### LISTED RECORDS
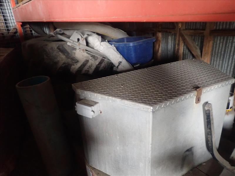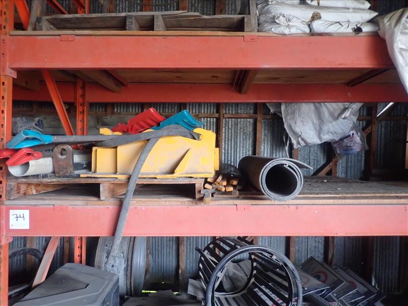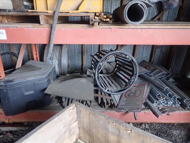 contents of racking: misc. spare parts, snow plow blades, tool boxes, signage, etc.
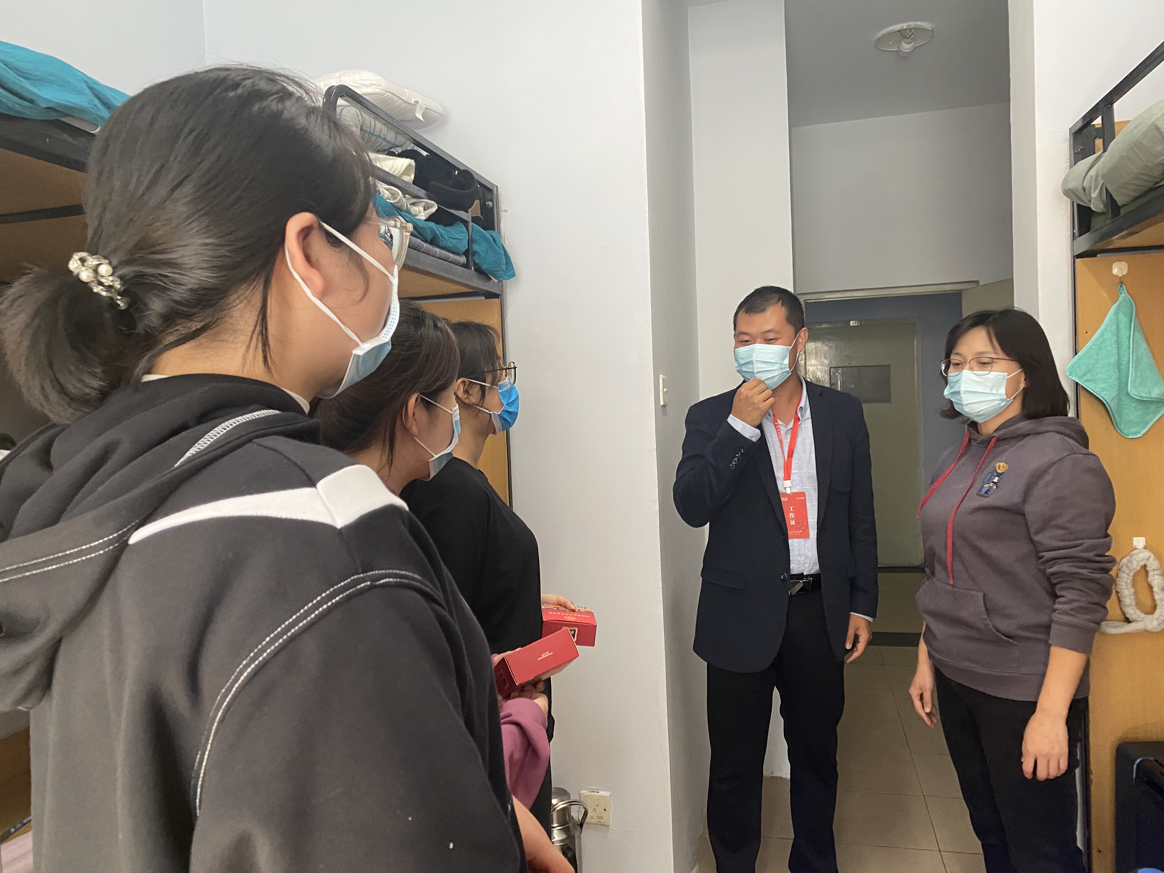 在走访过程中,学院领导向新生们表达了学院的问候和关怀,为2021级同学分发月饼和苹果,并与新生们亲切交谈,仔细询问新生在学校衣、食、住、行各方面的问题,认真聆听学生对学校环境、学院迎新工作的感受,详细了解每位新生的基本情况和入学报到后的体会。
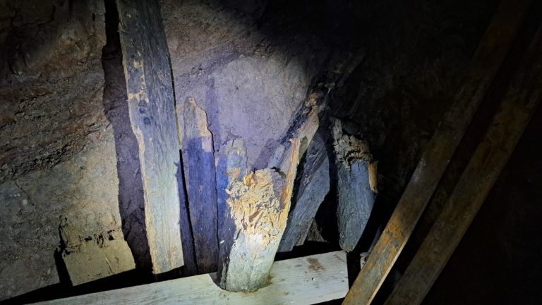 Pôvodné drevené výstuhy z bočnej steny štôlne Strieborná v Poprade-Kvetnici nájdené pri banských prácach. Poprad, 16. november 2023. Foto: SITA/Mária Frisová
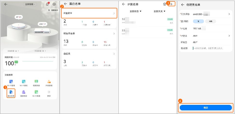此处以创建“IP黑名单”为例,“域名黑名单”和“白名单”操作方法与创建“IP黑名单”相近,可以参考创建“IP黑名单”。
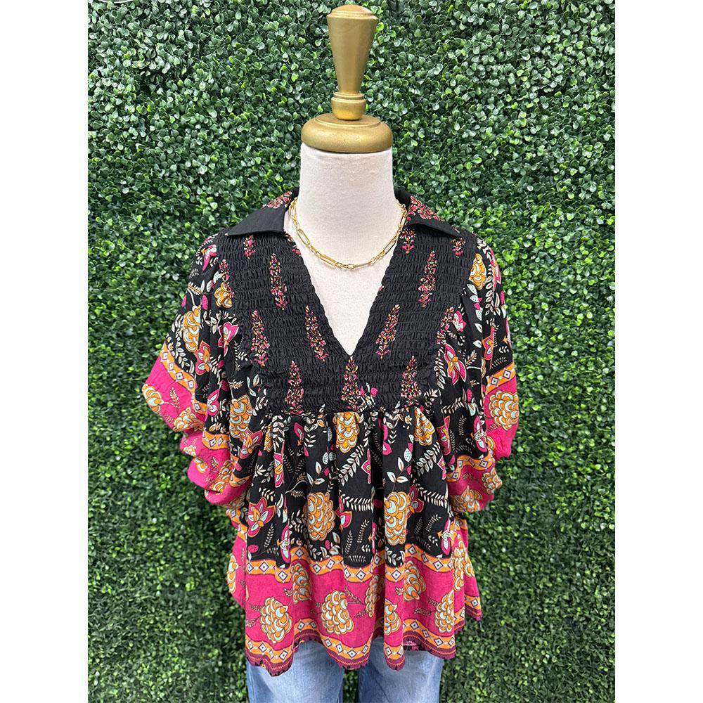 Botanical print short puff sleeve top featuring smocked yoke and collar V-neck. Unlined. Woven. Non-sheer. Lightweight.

### EXERCISE DIRECTIONS
Emit an exact copy of the lines from the line bearing "Pôvodné drevené výstuhy" through the last line above, inclusive, and leave the images out.

### YOUR SOLUTION
 Pôvodné drevené výstuhy z bočnej steny štôlne Strieborná v Poprade-Kvetnici nájdené pri banských prácach. Poprad, 16. november 2023. Foto: SITA/Mária Frisová
此处以创建“IP黑名单”为例,“域名黑名单”和“白名单”操作方法与创建“IP黑名单”相近,可以参考创建“IP黑名单”。
 Botanical print short puff sleeve top featuring smocked yoke and collar V-neck. Unlined. Woven. Non-sheer. Lightweight.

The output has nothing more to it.